** Exercise instructions **
Retype only the lines that run from the top of the material below to the line bearing "Adjustable Shelf Height: Our", inclusive, and keep the pictures out.

** Given information **
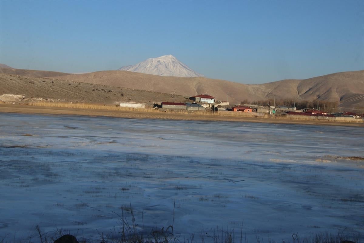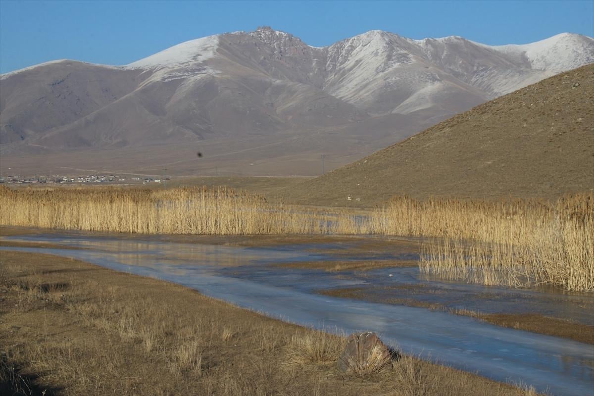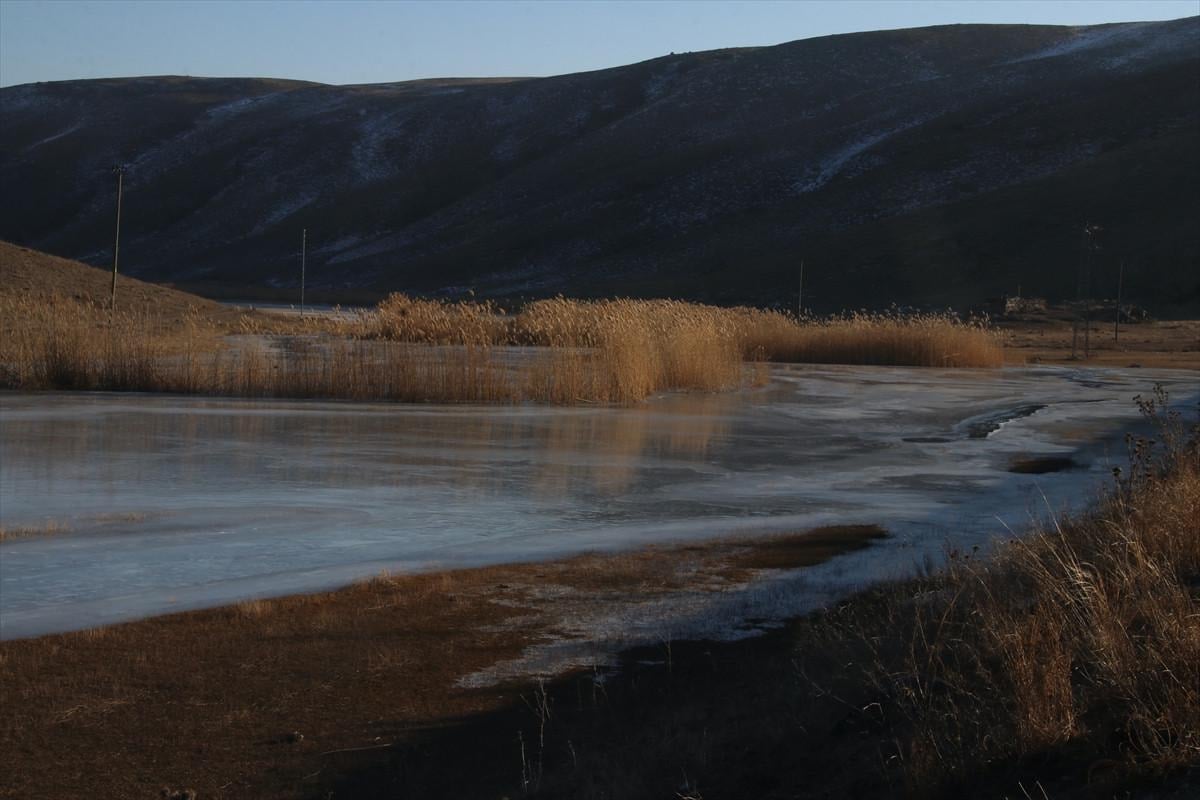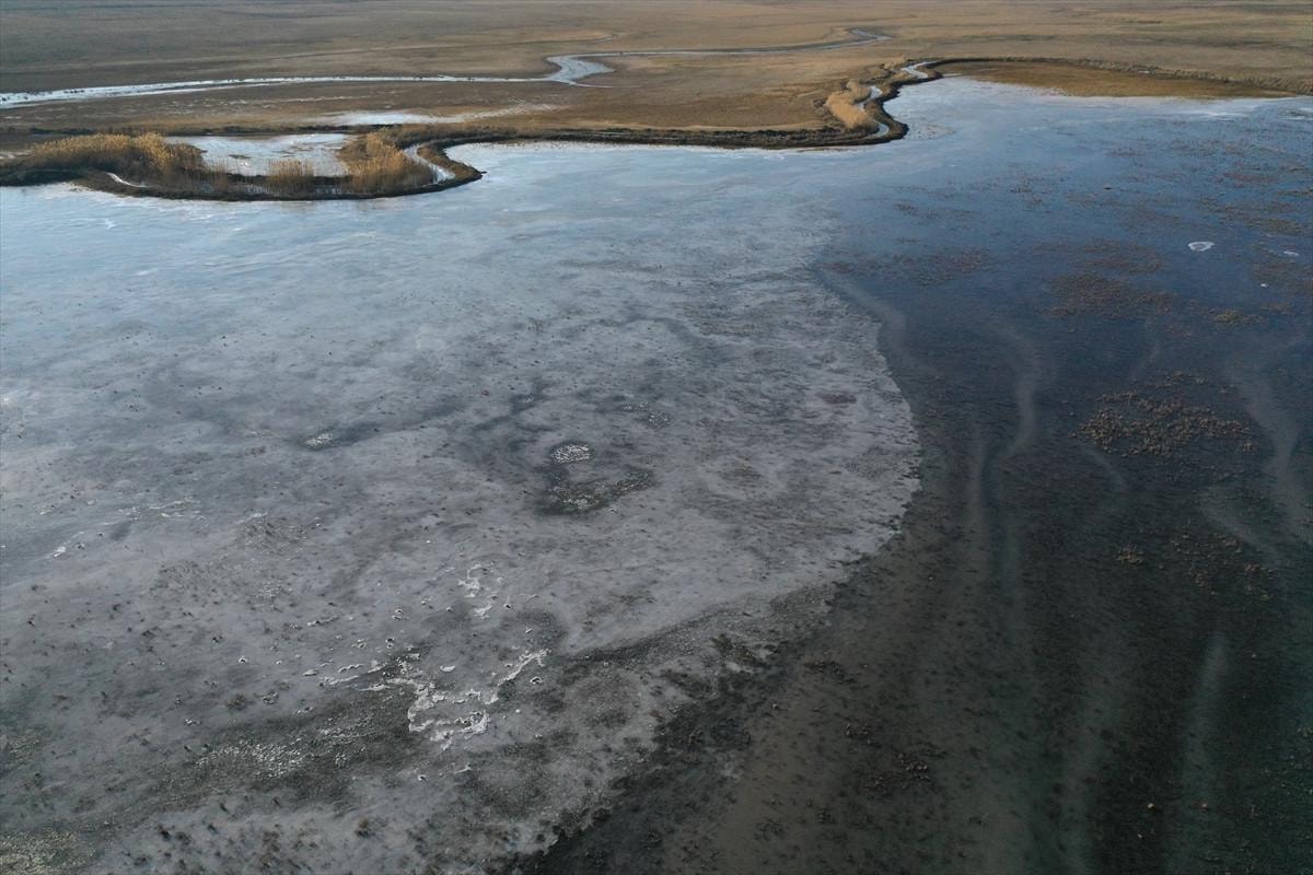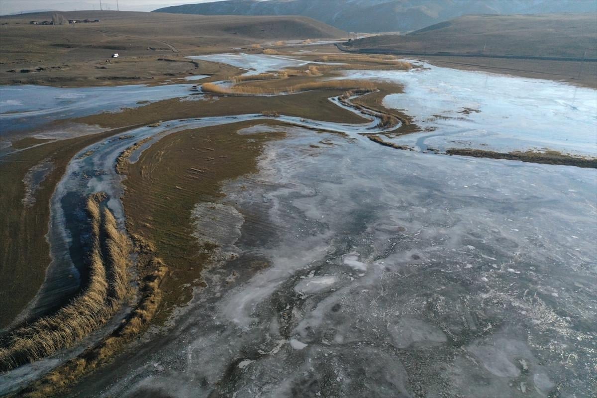 Ağrı'nın Doğubayazıt ilçesinde geniş alana yayılan sulak alanlar buzla kaplandı.
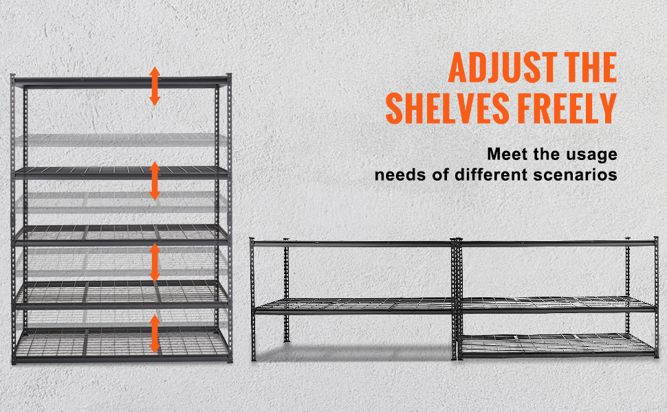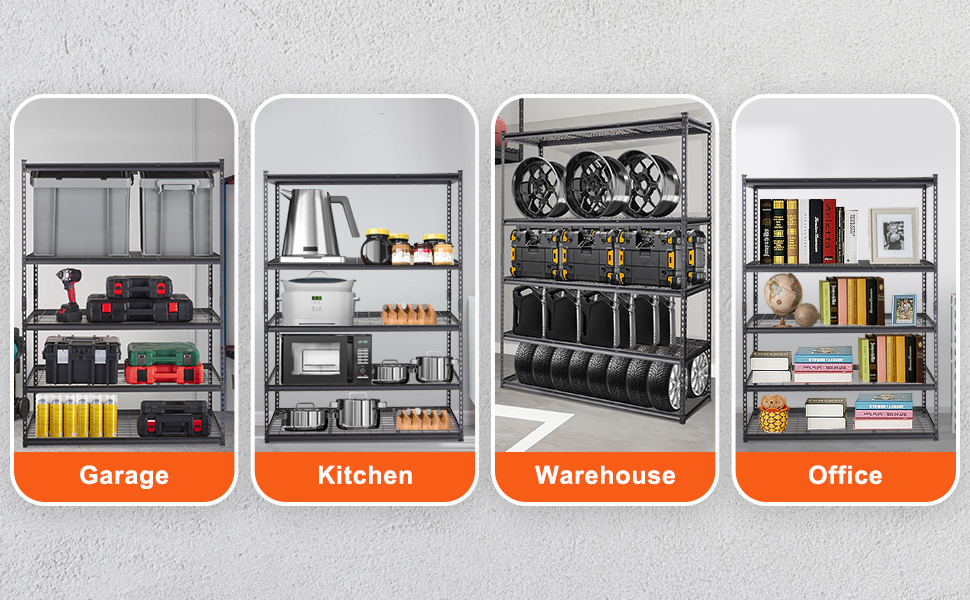 Adjustable Shelf Height: Our heavy duty storage shelves are as flexible as your plans. Need to adjust the height? Just slide, decide, and clip it in place. Whether it’s for the garage, kitchen, or pantry, this metal storage rack plays by your rules.
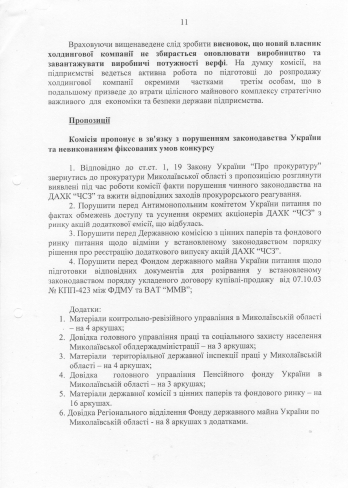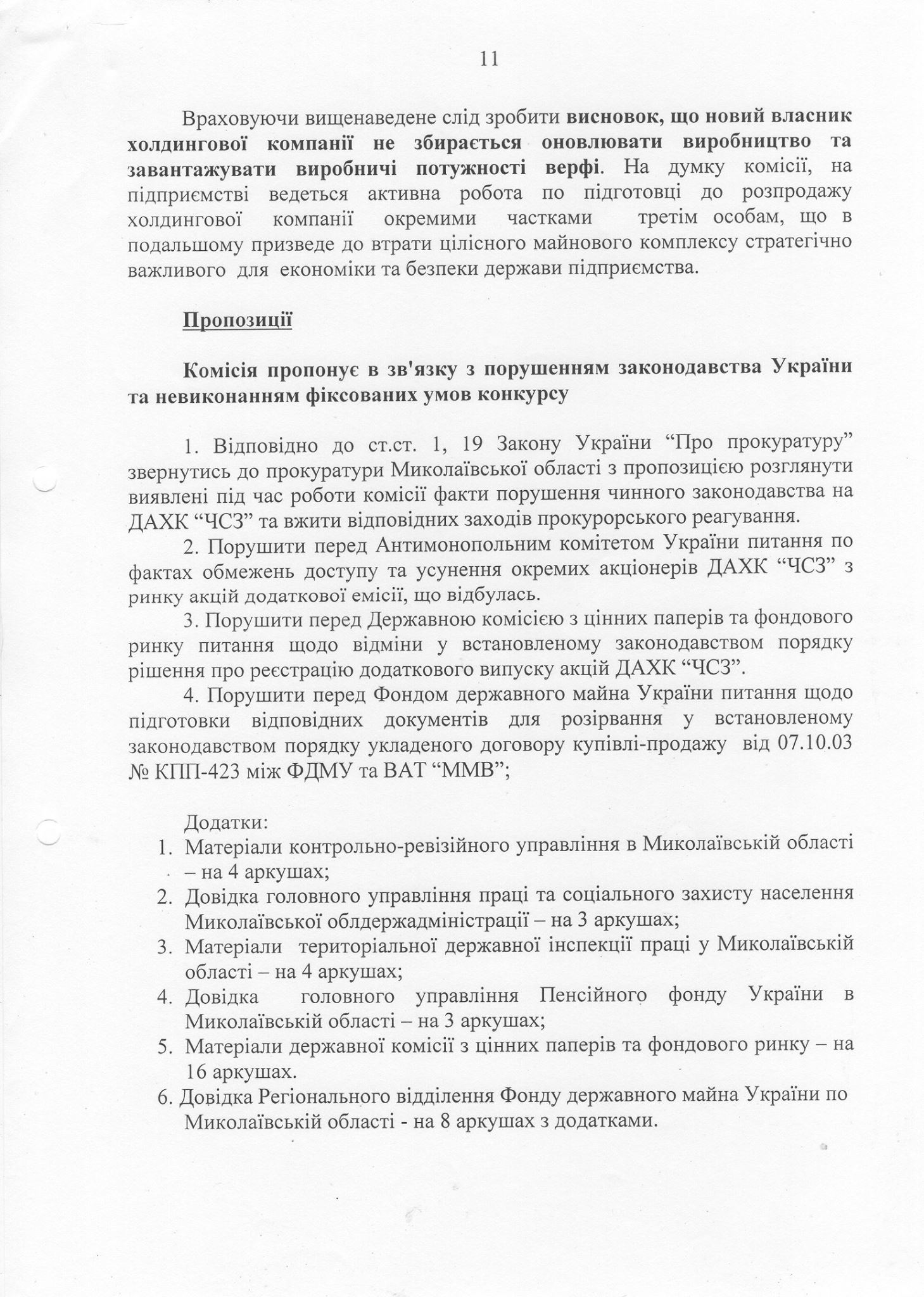 По словам Сергея Исакова, приступив в феврале 2005 года к исполнению своих обязанностей, губернатор Александр Садыков одним из первых своих распоряжений создал комиссию по выяснению реальной ситуации на ЧСЗ. Уже в марте 2005 года комиссия пришла к выводу о необходимости постановки перед ФГИ Украины вопроса о расторжении договора купли-продажи ГАХК «ЧСЗ» за несоблюдение покупателем условий договора и возвращении завода государству.

** Reply to the exercise **
 Ağrı'nın Doğubayazıt ilçesinde geniş alana yayılan sulak alanlar buzla kaplandı.
 Adjustable Shelf Height: Our heavy duty storage shelves are as flexible as your plans. Need to adjust the height? Just slide, decide, and clip it in place. Whether it’s for the garage, kitchen, or pantry, this metal storage rack plays by your rules.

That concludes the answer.